До позднего вечера Галя точно, механически и бездумно делала женские хозяйственные дела, которые не имеют конца.
А потом присела, достала сумочку старой Генеле и с грустью посмотрела на нее. Раскрыла. Там лежали какие-то старинные рецепты, связка маленьких ключей и завернутая в пергамент баночка из-под крема. Она развернула пергамент. В баночке было что-то вроде вазелина, покрытое толстым слоем окиси.
— Бедняжка Генеле! — сочувствовала Галя, высыпая на газету всю мелкую дребедень из старой сумочки. — Что же я могу для нее сделать теперь? Ничего…
И вдруг догадалась. Она смахнула весь залежавшийся хлам обратно в сумочку.
Она знала, как сделать приятное Генеле: когда будут ее хоронить, она незаметно положит в гроб эту самую сумочку…
Так оно и было: развеялся серый дымок над трубой Донского крематория, и пошла себе по небесной дорожке суетливой походочкой сквозистая на просвет ветхая Генеле, прижимая к левому боку тень сумочки, в которой на вечные времена хранились тени бриллиантов, окончательно убереженные ею от властей и от родственников…
Дочь Бухары
В архаической и слободской московской жизни, ячеистой, закоулочной, с центрами притяжения возле обледенелых колонок и дровяных складов, не существовало семейной тайны. Не было даже обыкновенной частной жизни, ибо любая заплата на подштанниках, развевающихся на общественных веревках, была известна всем и каждому.
Слышимость, видимость и физическое вторжение соседствующей жизни были ежеминутны и неизбежны, и возможность выживания лишь тем и держалась, что раскаты скандала справа уравновешивались пьяной и веселой гармонью слева.

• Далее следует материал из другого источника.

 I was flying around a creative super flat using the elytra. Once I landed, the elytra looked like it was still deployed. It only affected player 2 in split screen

В глубине огромного и запутанного, разделенного выгородками дровяных сараев и бараков двора, прилепившись к брандмауэру соседнего доходного дома, стоял приличный флигель дореволюционной постройки, с намеком на архитектурный замысел и отгороженный условно существующей сквозной изгородью. К флигелю прилегал небольшой сад. Жил во флигеле старый доктор.

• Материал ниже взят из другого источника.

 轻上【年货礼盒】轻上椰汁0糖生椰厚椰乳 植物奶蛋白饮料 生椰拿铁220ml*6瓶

Однажды, среди бела дня, в конце мая сорок шестого года, когда все, кому было суждено вернуться, уже вернулись, во двор въехал «опель-кадет» и остановился возле калитки докторского дома. Ребята еще не успели как следует облепить трофейную новинку, как распахнулась дверца и из машины вышел майор медицинской службы, такой правильный, белозубый, русо-русский, как будто только что с плаката спрыгнувший загорелый воин-освободитель.

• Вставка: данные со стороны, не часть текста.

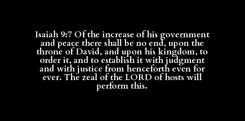 Isaiah 9:7 Of the increase of his government and peace there shall be no end, upon the throne of David, and upon his kingdom, to order it, and to establish it with judgment and with justice from henceforth even for ever. The zeal of the LORD of hosts will perform this.

Он обошел горбатую машину, распахнул вторую дверку — и медленно-медленно, лениво, как растекающееся по столу варенье, из машины вышла очень молодая женщина невиданной восточной красоты, с блестящими, несметной силы волосами, своей тяжестью запрокидывающими назад ее маленькую голову.
Над цветочными горшками в разнокалиберных окнах появились старушечьи лица, соседки уже высыпали во двор, и над суматошными строениями завис высокий торжествующий женский крик: «Дима! Дима докторский вернулся!»
Они стояли у калитки, майор и его спутница. Он, засунув руку сбоку, пытался вслепую отодвинуть засов, а навстречу им по заросшей тропинке, хромая, спешил старый доктор Андрей Иннокентиевич. Ветер поднимал белые пряди волос, старик хмурился, улыбался, скорее догадывался, чем узнавал.
Свет после полумрака его комнаты был каким-то чрезмерным, неземным и стоял столбом — как это бывает с сильным ливнем — над майором и его женщиной. Обернувшись к соседям и махнув им рукой, майор шагнул навстречу деду и обнял его. Красавица с туманно-черными глазами скромно выглядывала из-за его спины.
Этот флигель, и прежде существовавший наособицу, с возвращением докторского внука так и запылал особенной, красивой и богатой жизнью. Со слепоглухотой, свойственной всем счастливчикам, молодые как будто не замечали душераздирающего контраста между жизнью барачных переселенцев, люмпена, людей не от города и не от деревни, и своей собственной, протекавшей за новым глухим забором, сменившим обветшалую изгородь.